#### What is being asked
Each line from the first line of the entries through the line holding "1) 오피넷에서 서울시" is to be restated word for word; nothing else, and no picture, belongs in the answer.

#### Exercise materials
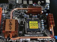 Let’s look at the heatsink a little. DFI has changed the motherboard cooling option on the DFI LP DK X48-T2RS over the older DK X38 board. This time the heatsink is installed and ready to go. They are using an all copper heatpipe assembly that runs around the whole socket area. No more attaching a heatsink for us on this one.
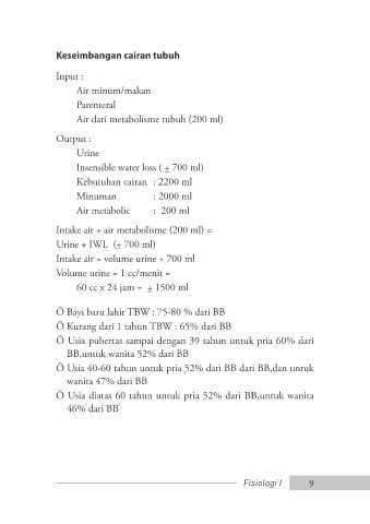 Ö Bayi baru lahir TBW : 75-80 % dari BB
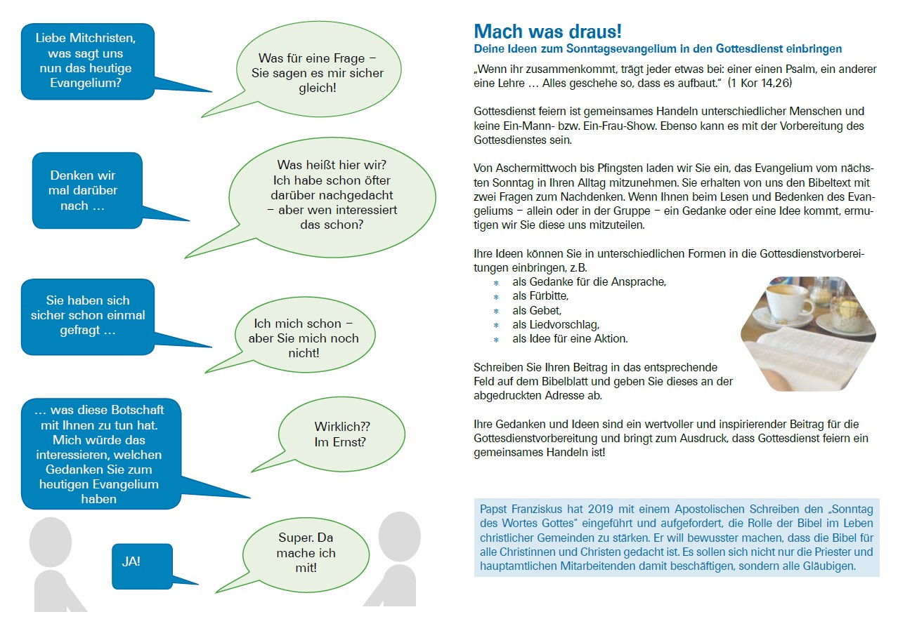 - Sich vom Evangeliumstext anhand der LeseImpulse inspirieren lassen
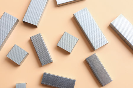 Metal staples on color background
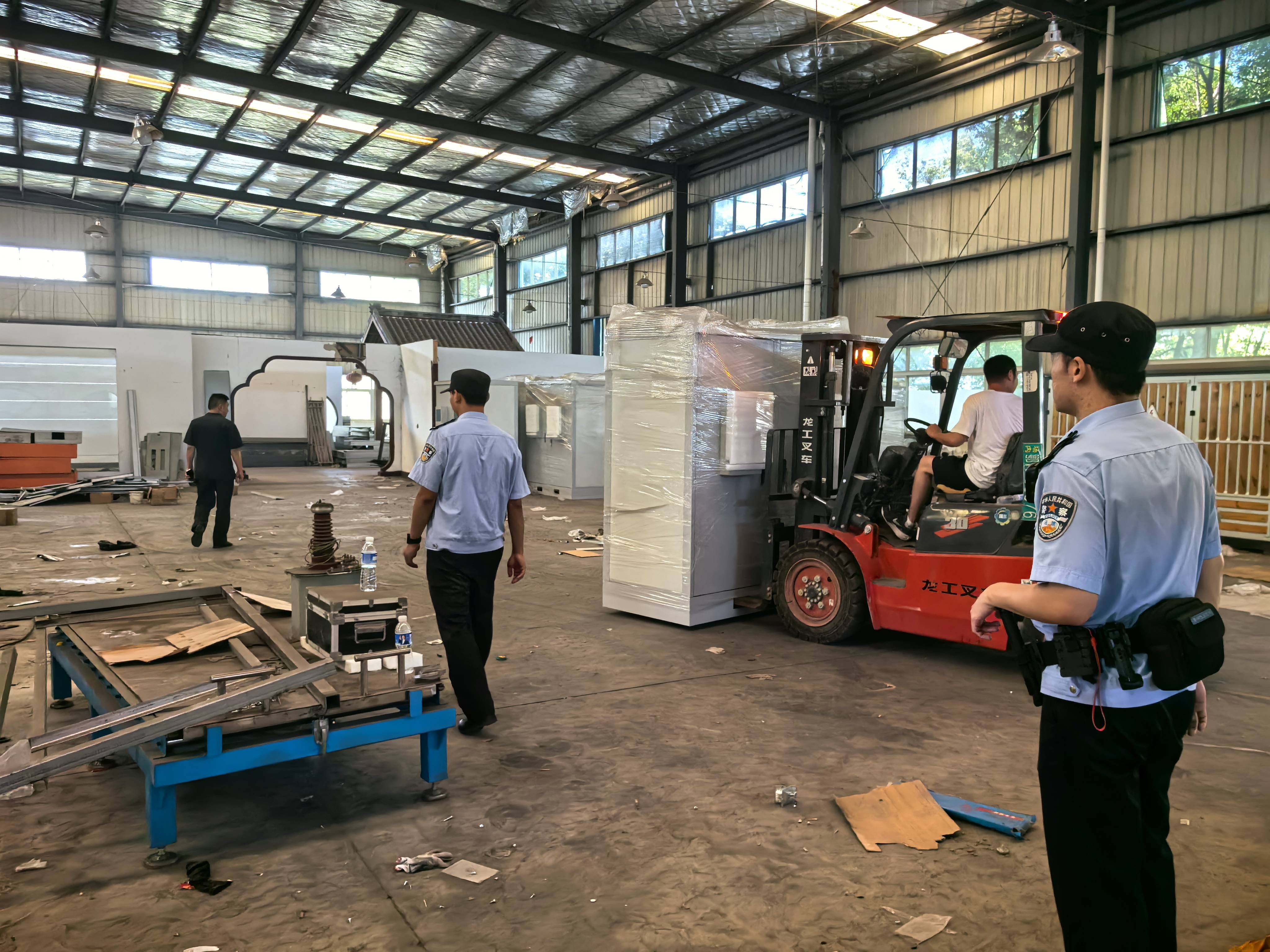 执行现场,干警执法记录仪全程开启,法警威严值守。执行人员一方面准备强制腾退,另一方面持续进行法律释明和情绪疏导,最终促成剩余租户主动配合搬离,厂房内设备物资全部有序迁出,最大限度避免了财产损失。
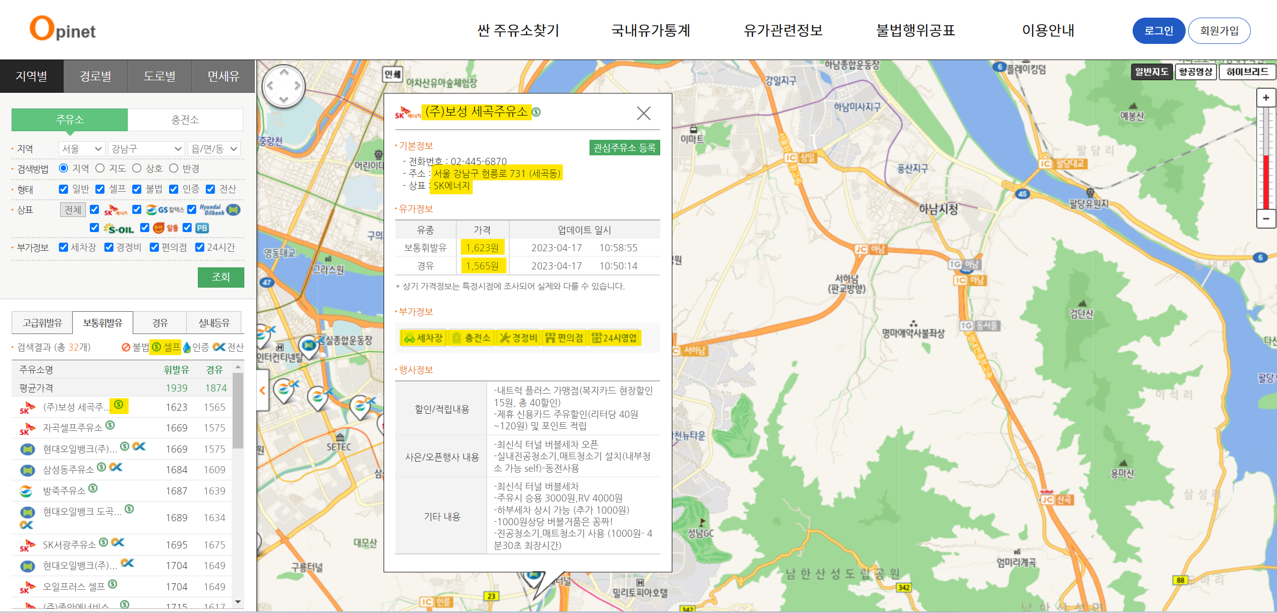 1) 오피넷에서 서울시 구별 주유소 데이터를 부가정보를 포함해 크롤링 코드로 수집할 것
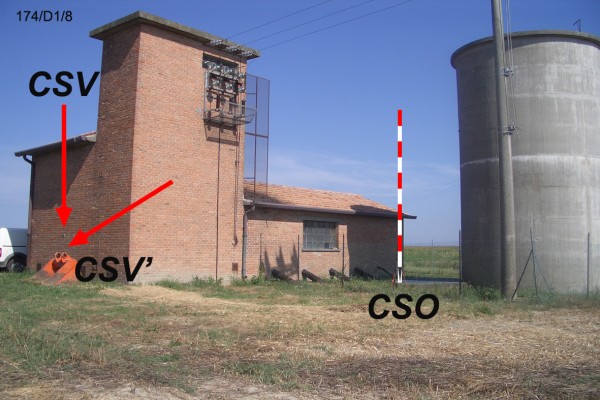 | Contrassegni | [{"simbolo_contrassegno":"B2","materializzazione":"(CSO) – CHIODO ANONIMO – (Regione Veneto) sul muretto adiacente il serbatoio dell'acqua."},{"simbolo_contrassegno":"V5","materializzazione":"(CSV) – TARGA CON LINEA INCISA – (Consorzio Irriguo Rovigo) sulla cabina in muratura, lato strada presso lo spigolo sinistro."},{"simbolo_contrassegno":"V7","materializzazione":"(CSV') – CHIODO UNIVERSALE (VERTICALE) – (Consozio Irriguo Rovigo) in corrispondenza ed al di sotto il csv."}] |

#### Response area
 Let’s look at the heatsink a little. DFI has changed the motherboard cooling option on the DFI LP DK X48-T2RS over the older DK X38 board. This time the heatsink is installed and ready to go. They are using an all copper heatpipe assembly that runs around the whole socket area. No more attaching a heatsink for us on this one.
 Ö Bayi baru lahir TBW : 75-80 % dari BB
 - Sich vom Evangeliumstext anhand der LeseImpulse inspirieren lassen
 Metal staples on color background
 执行现场,干警执法记录仪全程开启,法警威严值守。执行人员一方面准备强制腾退,另一方面持续进行法律释明和情绪疏导,最终促成剩余租户主动配合搬离,厂房内设备物资全部有序迁出,最大限度避免了财产损失。
 1) 오피넷에서 서울시 구별 주유소 데이터를 부가정보를 포함해 크롤링 코드로 수집할 것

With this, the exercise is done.